# Finding and using anchor points

In this notebook, we show how to find anchor points based on your training set and how to use them to estimate the performance of new models in the test set.

## Preparing data

Loading packages

In [1]:
import numpy as np
import pickle
import pandas as pd
import json
from sklearn.cluster import KMeans
from sklearn.metrics.pairwise import pairwise_distances
from irt import *
from utils import *

random_state = 42

The leaderboard dataset we will use is composed by six scenarios (sub-datasets):
1. TruthfulQA
1. GSM8K
1. Winogrande
1. ARC
1. HellaSwag
1. MMLU

MMLU is further divided into sub-scenarios (e.g., abstract algebra, anatomy, etc).
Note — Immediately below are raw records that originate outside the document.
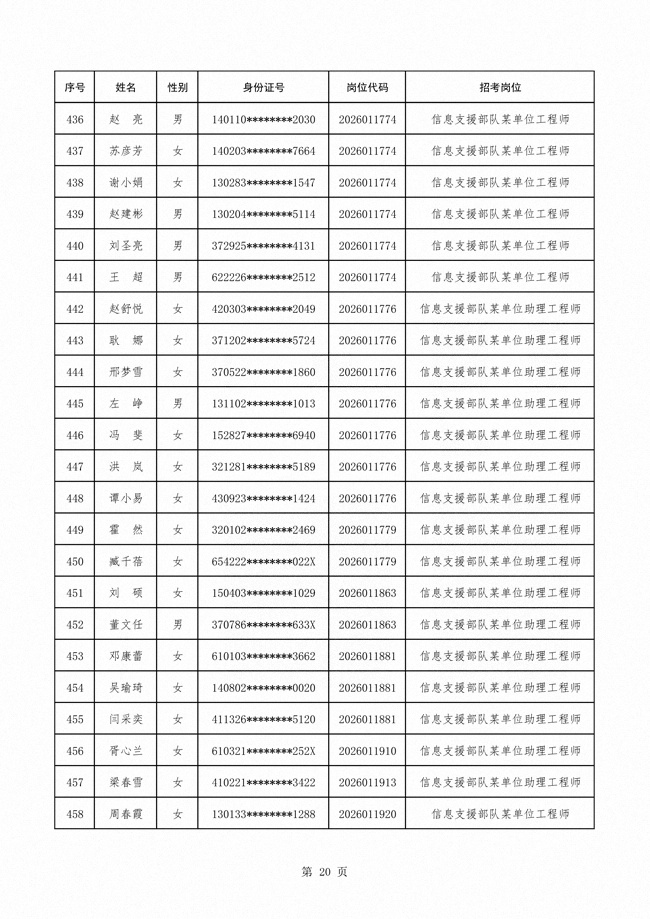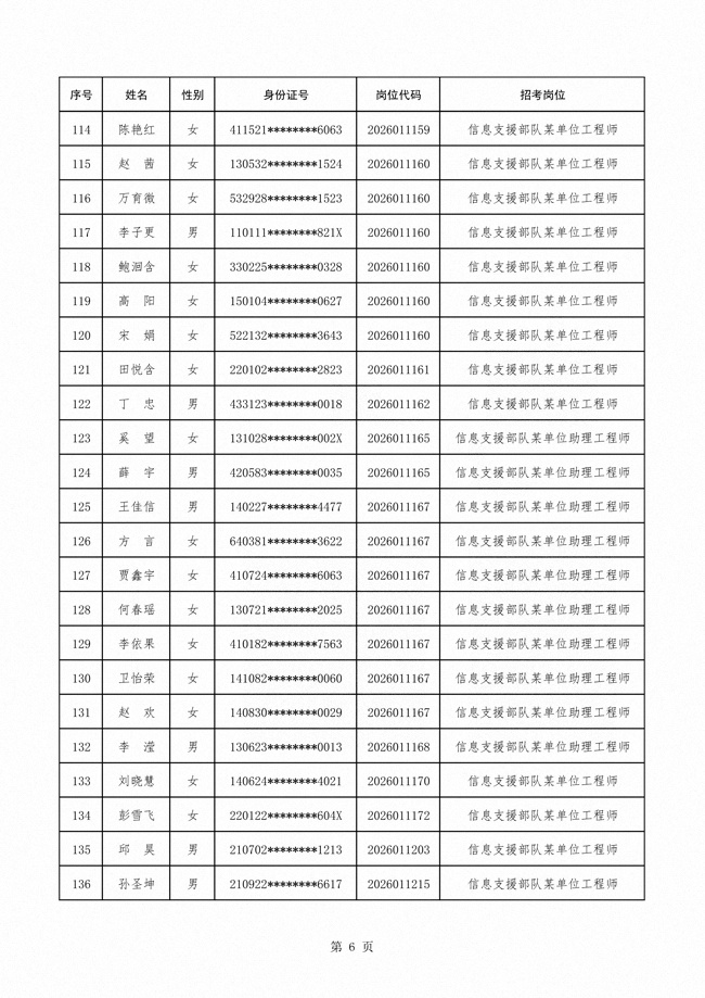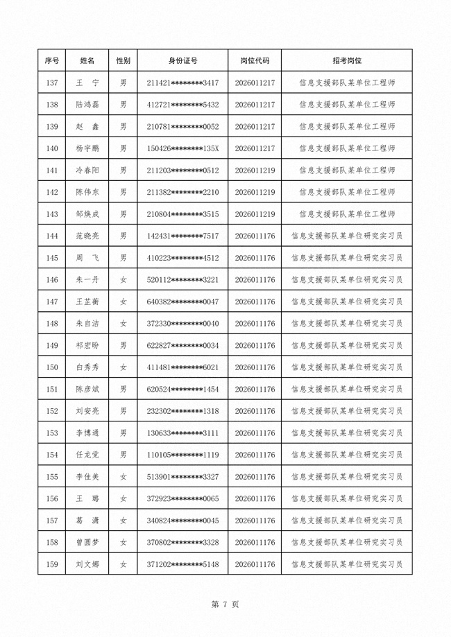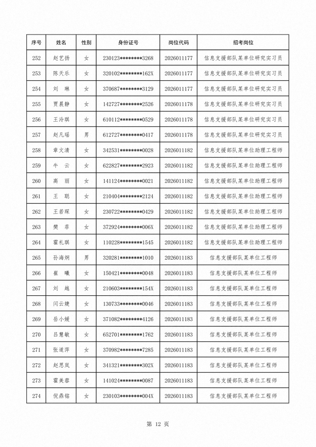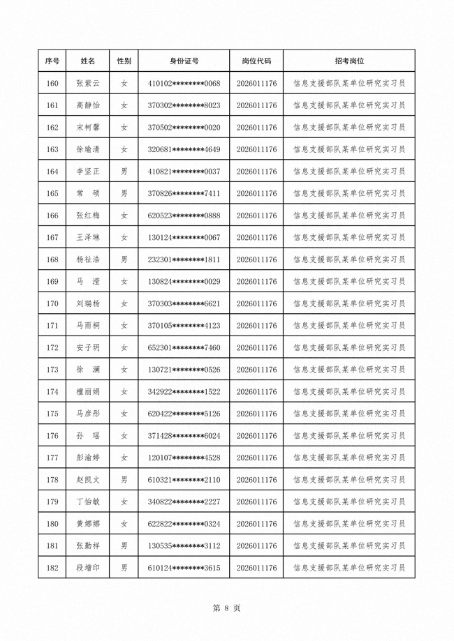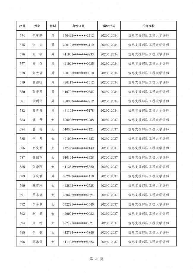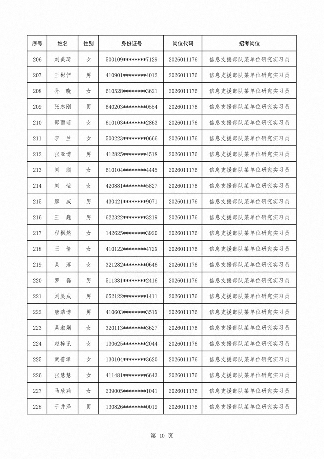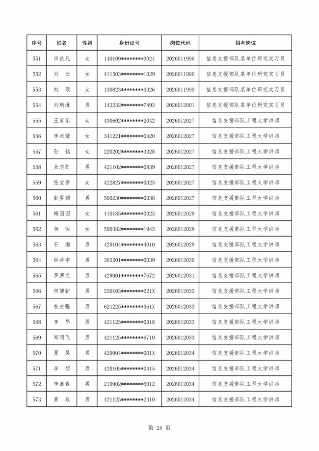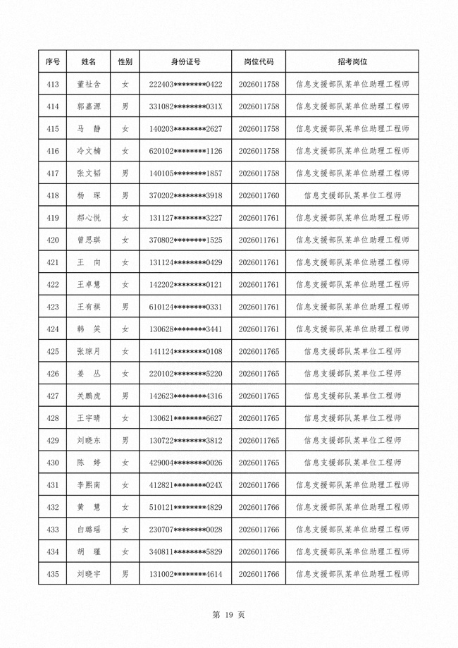 原文标题:公布信息支援部队2026年公开招考文职人员 第一批免笔试直接参加面试人员名单
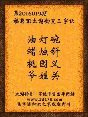 福彩3D第2016019期太湖字谜:油灯碗,蜡烛钎,桃园义,爷姓关
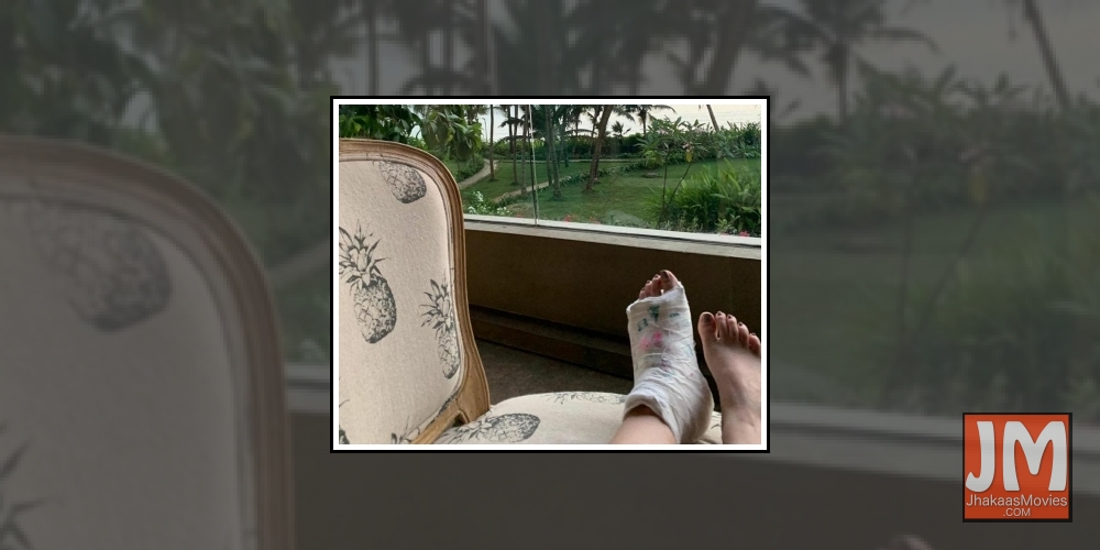 Taking to her Instagram account, Twinkle posted a picture in which she can be seen sitting on an armchair and enjoying the sea-view with her injured foot resting on a chair.
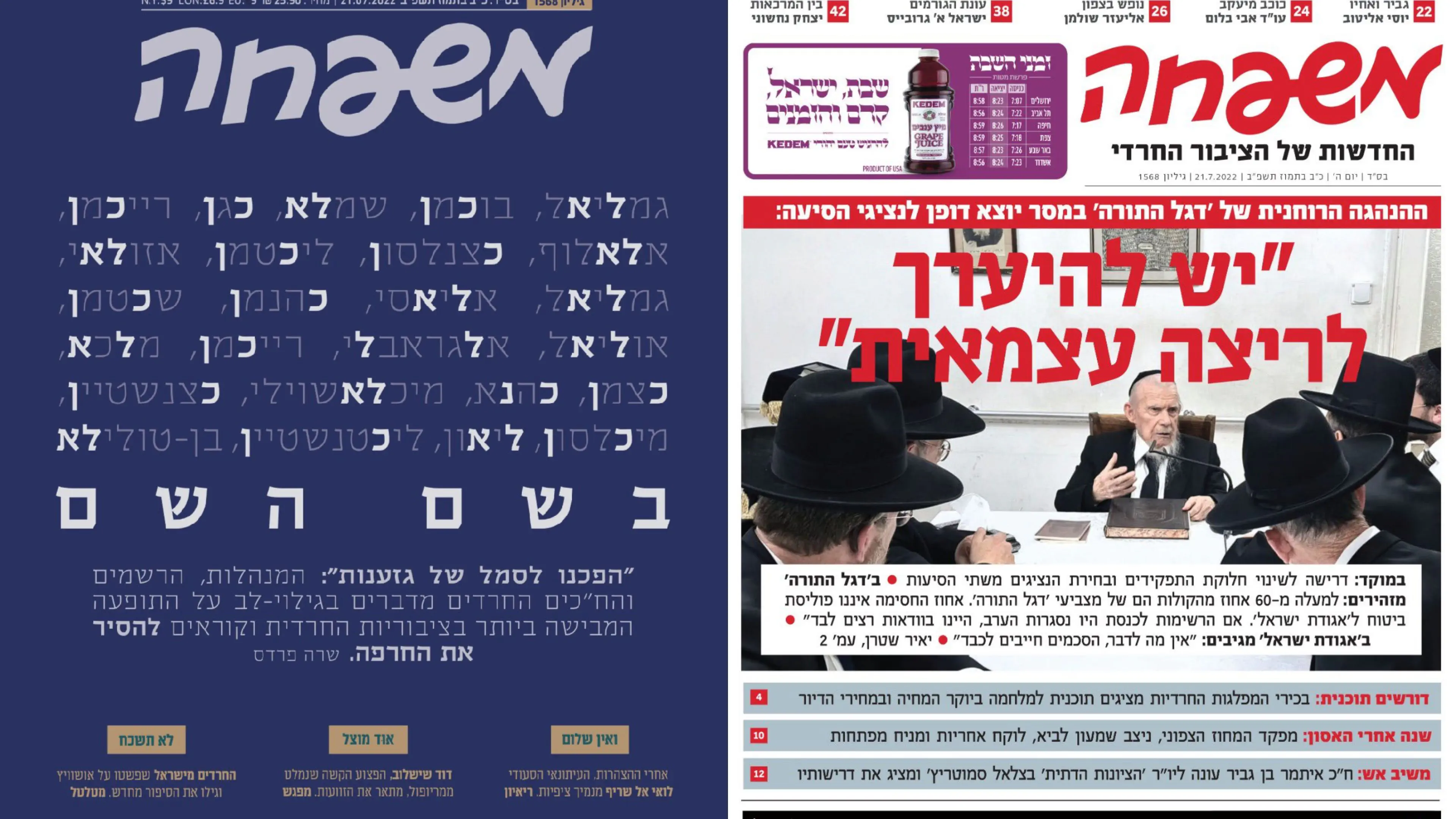 אפרופו איחוד בין המגזרים והחוגים, מוסף החדשות של 'משפחה' עם כותרת ראשית וגדולה בה מובאים דבריהם של ההנהגה הליטאית: "יש להיערך לריצה עצמאית". כאשר הסיבה היא רוב ל'דגל התורה' ודרישה לשינוי המיקומים ברשימה.
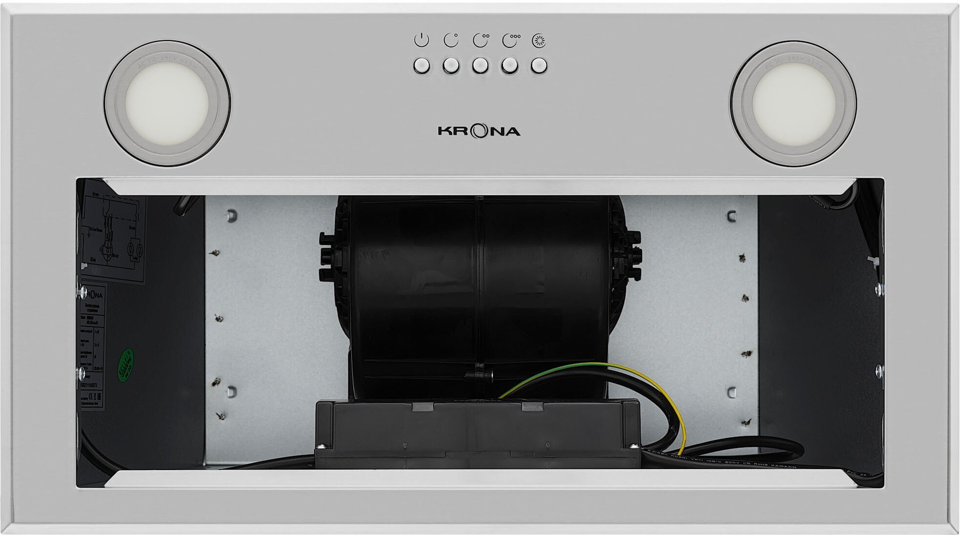 Вытяжка в подвесной шкаф Krona ADEL 600 INOX PB, 600 куб. м/час, ширина 52.5 см, нержавеющая сталь, Китай
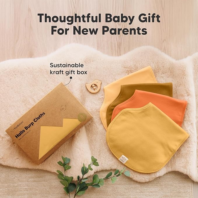 - Thoughtful Gift - Each pack of 4 burp cloths comes beautifully packaged in a kraft gift box. Pair the Hallo Burp Cloths with the Hallo Baby Bibs—perfect for any baby registry. Both are machine washable and dryer-friendly, ideal for busy parents.
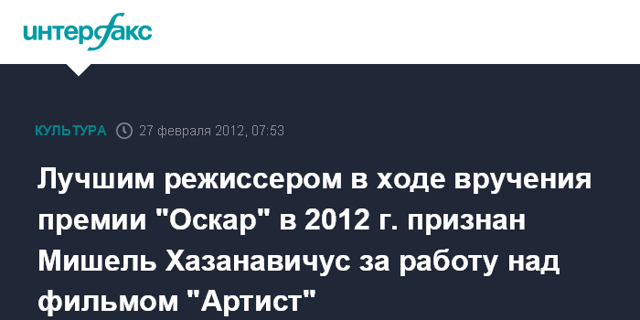 Москва. 27 февраля. INTERFAX.RU - Один из самых почетных кинопризов мира, "Оскар" в номинации Лучший режиссер получил Мишель Хазанавичус за работу над лентой "Артист". Эта номинация стала третьей победой фильма.
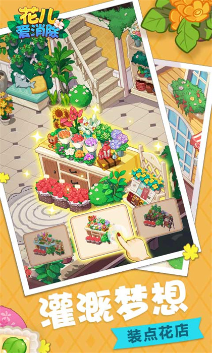 《花儿爱消除》是一款特色花店经营消除手游,由国际顶尖休闲手游开发团队——mybo倾力打造。创新点消玩法,温馨花店经营,早已风靡欧美,收割无数少女心。2019年《花儿爱消除》正式登陆中国,你的少女心是否已经怦然心动,一起“经营小确幸,消除不开心!”
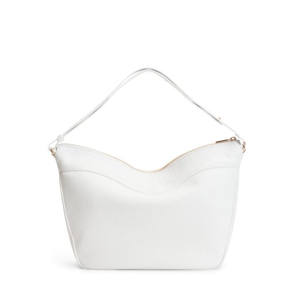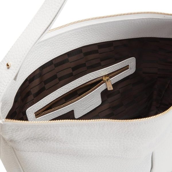 Shoulder bag from the Claire line in refined version in soft, white leather with a visible grain. Versatile and roomy, perfect for everyday use. Zip fastening.
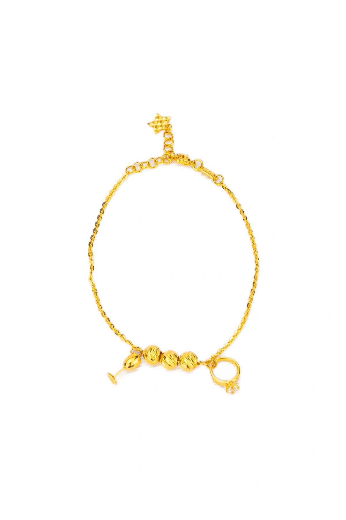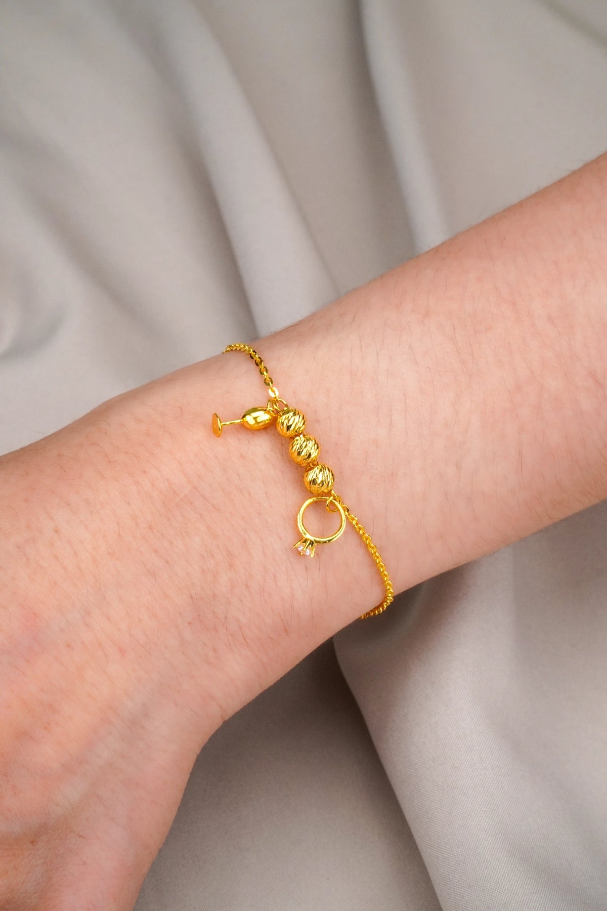 Lắc Tay Chữ Cong Bi Charm Đính Đá CZ Vàng 16K Bảo Tín K&K
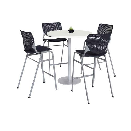 Contemporary and comfortable breakroom/cafeteria furniture. Table and 4 barstool set. This pedestal table has a 1.25" thick high-pressure laminate top that's durable and easy to clean. The top has an attractive edge that won't crack or peel. The soli- Table is 1.25" thick with a high-pressure laminate surface and T-mold edge.
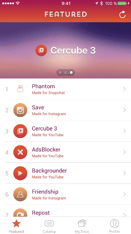 Instalace jednotlivých rozšíření do aplikací je jednoduchá. Poté co jsem vybral Exos, který chci nainstalovat, otevřel se jakýsi profil, podobný tomu, který známe z App Store. Po kliknutí na tlačítko GET se na dolní straně aplikace vysunula nabídka build, která nám vybraný Exos nainstaluje přímo do aplikace. Po kliknutí na zmiňovanou nabídku nám aplikace ještě nabídne možnost nainstalovat více rozšíření do jedné aplikace najednou. Aktuálně nejvíce vylepšení má k dispozici aplikace Instagram a YouTube.
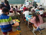1年生は2クラスとも国語でした。動物が活躍する本の紹介をする「おはなしどうぶつえん」で絵本を読み進めていました。もう1クラスは、「くっつきのを・へ」の復習をプリントでしていました。2年生も国語でした。図書室で本を返却していました。学校図書館専門員の先生に返す棚を教えてもらっていました。もう1クラスは詩の内容について自分ならどう書くかを考えていました。
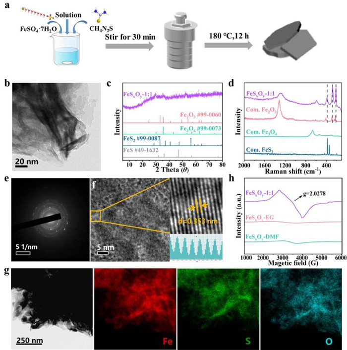 | Fig. 1. (a) Schematic illustration showing the preparation of FeSxOy-X. (b) TEM image of FeSxOy-1:1. (c) XRD pattern of FeSxOy-1:1 and Powder Diffraction File card of Fe2O3, Fe3O4, FeS2 and FeS. (d) Raman spectra of FeSxOy-1:1, Commercial Fe2O3, Commercial Fe3O4 and Commercial FeS2. (e) SAED image of FeSxOy-1:1. (f) HRTEM image of FeSxOy-1:1. (g) Solid EPR spectra of FeSxOy-X at room temperature. (h) EDX Mapping of FeSxOy-1:1. | |
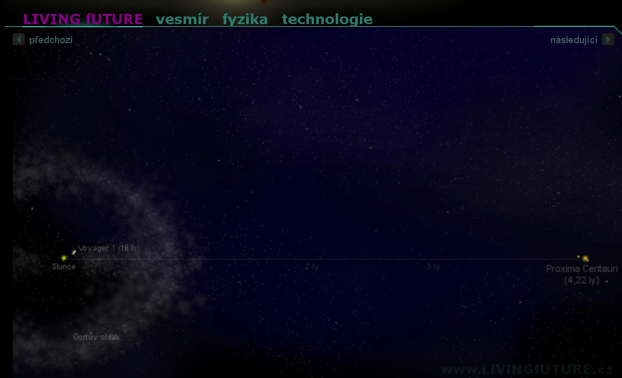 Slunce a Proxima Centauri - K nejbližší hvězdě je to 4,22 světelných let, nejvzdálenější lidská sonda je od Země vzdálená asi 16 světelných hodin.
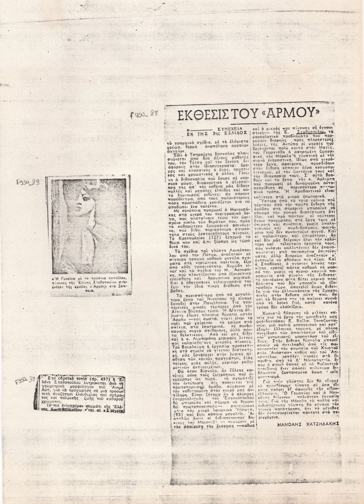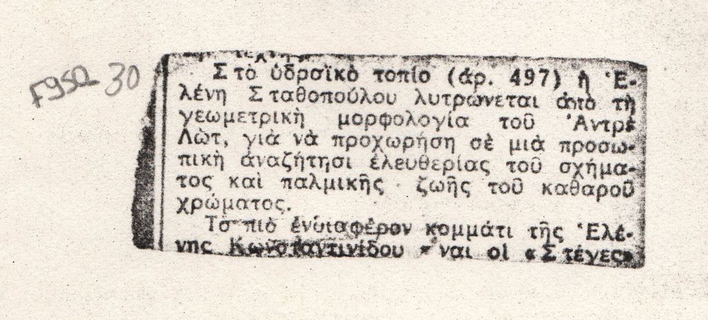 Φωτοαντίγραφο αποκόμματος, έντυπο, χαρτί, 2,5×5,5 εκ., όπου δημοσιεύεται, στα ελληνικά, απόσπασμα κριτικής της παρουσίας της Ελένης Σταθοπούλου στην έκθεση της ομάδας Αρμός στο Ζάππειο.
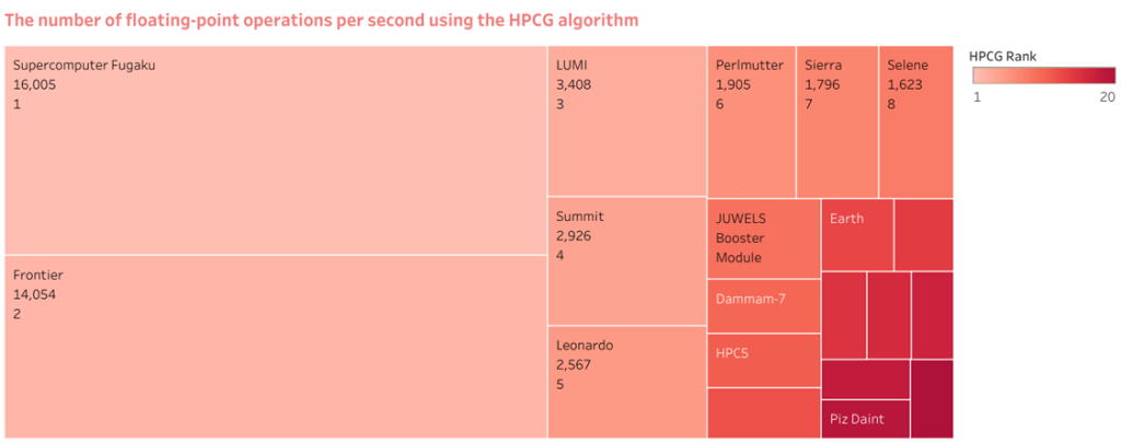 The HPCG List, which is based on the High-Performance Conjugate Gradient (HPCG) benchmark results, offers an alternate criterion for evaluating supercomputer performance. The HPCG List gauges how well a system performs while utilizing the Conjugate Gradient method to solve a system of linear equations, as opposed to the TOP500 List, which concentrates on the LINPACK Benchmark, which gauges a system’s floating-point performance. The workloads that supercomputers are expected to manage in scientific and technical applications are becoming more and more complicated, and this benchmark is made to reflect that. The HPCG List thus offers a second perspective on supercomputer performance and draws attention to the systems that are best at handling challenging issues.
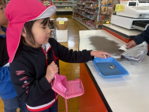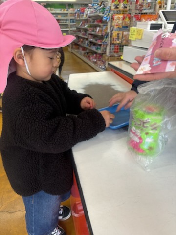 | 今年度のお別れ遠足のミッションは、『算数って何だろう』で学んだお金の数え方を生かし買物をすることです。各自のお財布に4・5歳児さんは300円、3歳児さんは200円を入れて臨みました。 机上では、上手に買い物ができる子ども達ですが、実際になるとお財布から小銭を出すだけでも難しい…貴重な体験ができました。無事に買い物を終え帰路に。往復3km、途中ダラダラとした坂道も頑張って歩きました。 |

Let's check scenarios and sub-scenarios:

In [2]:
scenarios

{'harness_truthfulqa_mc_0': ['harness_truthfulqa_mc_0'],
 'gsm8k': ['harness_gsm8k_5'],
 'winogrande': ['harness_winogrande_5'],
 'arc': ['harness_arc_challenge_25'],
 'hellaswag': ['harness_hellaswag_10'],
 'mmlu': ['harness_hendrycksTest_abstract_algebra_5',
  'harness_hendrycksTest_anatomy_5',
  'harness_hendrycksTest_astronomy_5',
  'harness_hendrycksTest_business_ethics_5',
  'harness_hendrycksTest_clinical_knowledge_5',
  'harness_hendrycksTest_college_biology_5',
  'harness_hendrycksTest_college_chemistry_5',
  'harness_hendrycksTest_college_computer_science_5',
  'harness_hendrycksTest_college_mathematics_5',
  'harness_hendrycksTest_college_medicine_5',
  'harness_hendrycksTest_college_physics_5',
  'harness_hendrycksTest_computer_security_5',
  'harness_hendrycksTest_conceptual_physics_5',
  'harness_hendrycksTest_econometrics_5',
  'harness_hendrycksTest_electrical_engineering_5',
  'harness_hendrycksTest_elementary_mathematics_5',
  'harness_hendrycksTest_formal_logic_5',
 

Loading leaderboard data:

In [3]:
with open('data/lb.pickle', 'rb') as handle:
    data = pickle.load(handle)

In this dataset, we have data from 395 models. Let's see the names of some of them below

In [4]:
len(data['models']),data['models'][:10]

(395,
 ['open-llm-leaderboard/details_zhengr__MixTAO-7Bx2-MoE-DPO',
  'open-llm-leaderboard/details_alignment-handbook__zephyr-7b-sft-full',
  'open-llm-leaderboard/details_rombodawg__Leaderboard-killer-MoE_4x7b',
  'open-llm-leaderboard/details_FelixChao__ExtremeDolphin-MoE',
  'open-llm-leaderboard/details_LoSboccacc__orthogonal-2x7B-base',
  'open-llm-leaderboard/details_moreh__MoMo-70B-lora-1.8.6-DPO',
  'open-llm-leaderboard/details_deepseek-ai__deepseek-moe-16b-base',
  'open-llm-leaderboard/details_Swisslex__Mixtral-Orca-v0.1',
  'open-llm-leaderboard/details_wang7776__Mistral-7B-Instruct-v0.2-sparsity-20',
  'open-llm-leaderboard/details_nfaheem__Marcoroni-7b-DPO-Merge'])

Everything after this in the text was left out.